Although acknowledging that the producing party understands its own culture and lexicon better than the requesting party, some courts found that broader terms proposed by the requesting party should be used. See Wixon v. Wyndham Resort Dev. Corp., No. C 07-02361-JSW, 2009 WL 3075649 (N.D. Cal. Sept. 21, 2009); In re Direct Southwest, Inc., No. 08-1984-MLCF-SS, 2009 WL 2461716 (E.D. La. Aug. 7, 2009). Courts also required the parties to justify the search terms they requested. See, e.g., Flying J Inc. v. Pilot Travel Ctrs., LLC, No. 1:06-CV-00030, 2009 WL 1834998 (D. Utah June 25, 2009) (requiring the requesting party to submit written justification for its proposed terms and allowing responding party to object).
Search terms were increasingly used to sample data sets to identify key custodians and to inform what, if any, additional discovery was warranted. See In re Zurn, 2009 WL 1606653, at *3 (requiring the parties to run fourteen terms initially and to review the documents identified by them to determine whether additional terms should be run); Dunkin’ Donuts Franchised Rests. LLC v. Grand Cent. Donuts, Inc., No. CV 2007-4027, 2009 WL 1750348 (E.D.N.Y. June 19, 2009) (requiring the parties to identify terms tailored to specific corporate divisions based upon their involvement in the subjects at issue as initial discovery step); Flying J, 2009 WL 1834998 (requiring the requesting party to identify 28 terms for initial search). Using search terms to sample a data set can often be effective in controlling the cost and burden of discovery. As Magistrate Judge Peck of the Southern District of New York noted, the skillful use of search terms requires "careful thought, quality control, testing, and cooperation with opposing counsel." William A. Gross Constr. Assocs. v. American Mfrs. Mut. Ins. Co., 256 F.R.D. 134, 134 (S.D.N.Y. 2009). For a more detailed analysis of the Gross Construction opinion, see Gibson Dunn attorneys Jennifer H. Rearden and Farrah Pepper’s article, "Judge Issues a "Wake-Up Call" to New York Lawyers When It Comes to Search Terms, Play Nice and Plan Ahead."

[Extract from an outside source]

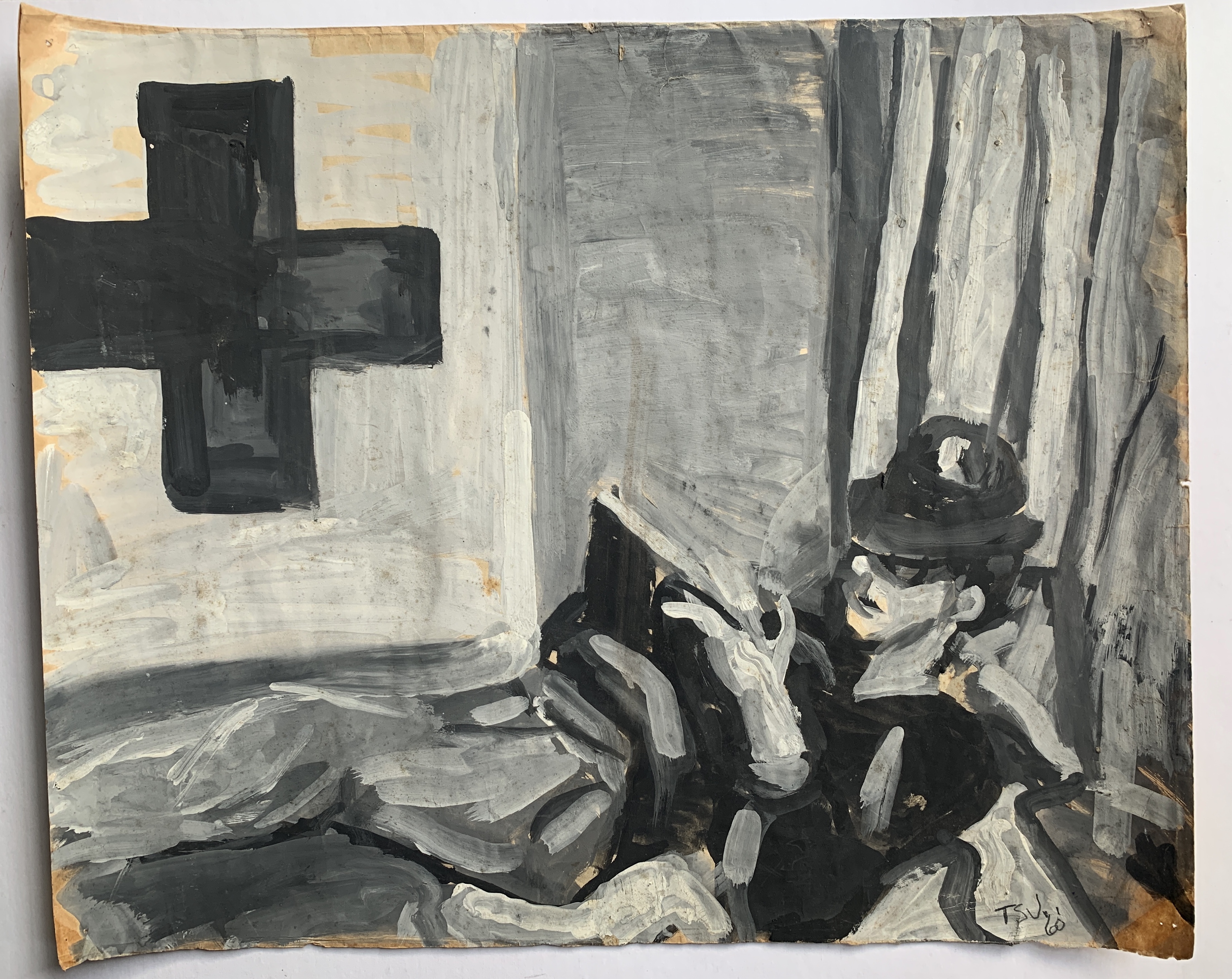 35 — There are many other stories of the Firehaus Group. In one, St. John remembers that some members of the Firehaus group served as extras in a local play, or what St. John calls “walk on actors.” The play was performed at College of the Pacific or a Jr. College in the area and St. John recalls it was “possibly by Brecht”. With the passage of nearly 60 years it’s difficult to recall details, but St. John remembers that it was a “legitimate theater, a nice stage, before a large audience”. He specifically recalls the play was “definitely German Expressionist” and that “I recall a burial scene” in it [making it possibly Bertolt Brecht’s Mother Courage and Her Children which includes a scene of Catholic General Tilly’s funeral]. St. John remembers that the director, Bill [last name unknown] was an English professor and actor, who later posed for St. John wearing a priest’s habit. St. John says “I have a tempera drawing of him much in the vein of the drawing that I made of Mel.”

2009 Trends in Cooperation and Proportionality
Courts continued to emphasize the need for counsel to cooperate to avoid or resolve discovery disputes, often citing The Sedona Conference® Cooperation Proclamation. The Cooperation Proclamation encouraged "a national drive to promote open and forthright information sharing, dialogue (internal and external), training, and the development of practical tools to facilitate cooperative, collaborative, transparent discovery," and set forth specific recommendations for achieving this goal.

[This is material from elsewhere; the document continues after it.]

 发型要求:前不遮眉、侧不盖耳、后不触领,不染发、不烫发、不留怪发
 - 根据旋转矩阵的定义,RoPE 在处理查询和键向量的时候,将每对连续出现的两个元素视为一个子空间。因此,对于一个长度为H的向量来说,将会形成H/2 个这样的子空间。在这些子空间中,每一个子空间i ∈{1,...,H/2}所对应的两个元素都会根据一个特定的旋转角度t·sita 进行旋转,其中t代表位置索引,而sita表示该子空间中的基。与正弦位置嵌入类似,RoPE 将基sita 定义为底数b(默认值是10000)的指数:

Since its publication, the Cooperation Proclamation has gained significant support among the judiciary. As of January 2009, 44 judges had endorsed the Cooperation Proclamation. At year end, that number increased to nearly 100. Even Supreme Court Justice Stephen Breyer has written supportively of the principles of the Cooperation Proclamation, calling on litigants to "act cooperatively in the fact-finding process," noting that cooperation between parties will encourage resolution of cases, "and this will help ensure that the courts are not open only to the wealthy." See 10 The Sedona Conference® Journal (Supp. 2009).
Following the 2008 decision in Mancia v. Mayflower Textile Services. Co., 253 F.R.D. 354 (D. Md. 2008), a number of decisions in 2009 expressly adopted the Cooperation Proclamation as a roadmap for resolution of electronic discovery disputes. Several courts ordered parties to cooperate and reach agreement regarding issues ranging from production of backup tapes to the form of production, specifically citing The Sedona Conference® Cooperation Proclamation as the basis for the order. See, e.g., Dunkin’ Donuts, 2009 WL 1750348 (ordering parties to enter into an agreed-upon protocol to govern electronic discovery); Wells Fargo Bank, N.A. v. LaSalle Bank Nat’l Ass’n, No. 3:07-CV-449, 2009 WL 2243854 (S.D. Ohio July 24, 2009) (admonishing the parties for not engaging in an effective meet and confer process and denying any further discovery); Capitol Records, 261 F.R.D. at 50 (admonishing the parties for focusing efforts on "dueling epistles for submission," instead of cooperating on resolving discovery disputes); In re Direct Southwest, Inc., 2009 WL 2461716 (citing the Cooperation Proclamation, the court admonished the parties for submitting self-serving search terms); Oracle USA, Inc. v. SAP AG, No. C-07-01658, 2009 U.S. Dist. LEXIS 91432 (N.D. Cal. Sept. 17, 2009) (granting preclusion of evidence regarding damages because the claiming party had previously agreed that it would not seek damages on certain subjects and holding the party to its agreement); Newman v. Borders, 257 F.R.D. 1 (D.D.C. 2009) (ordering defendant to answer nine written questions in lieu of additional depositions, citing the Cooperation Proclamation and the court’s inherent duty to limit discovery costs and move litigation forward); Ford Motor Co. v. Edgewood Props. Inc., 257 F.R.D. 418 (D.N.J. 2009) (indicating the appropriateness of early discussion of the preferred format of production as encouraged by the Cooperation Proclamation and denying re-production of documents in native format). For further discussion of the application and impact of The Sedona Conference® Cooperation Proclamation see Gibson Dunn attorneys Jennifer H. Rearden and Farrah Pepper’s article, "If The Sedona Conference Builds It, Will They Cooperate? Year in Review."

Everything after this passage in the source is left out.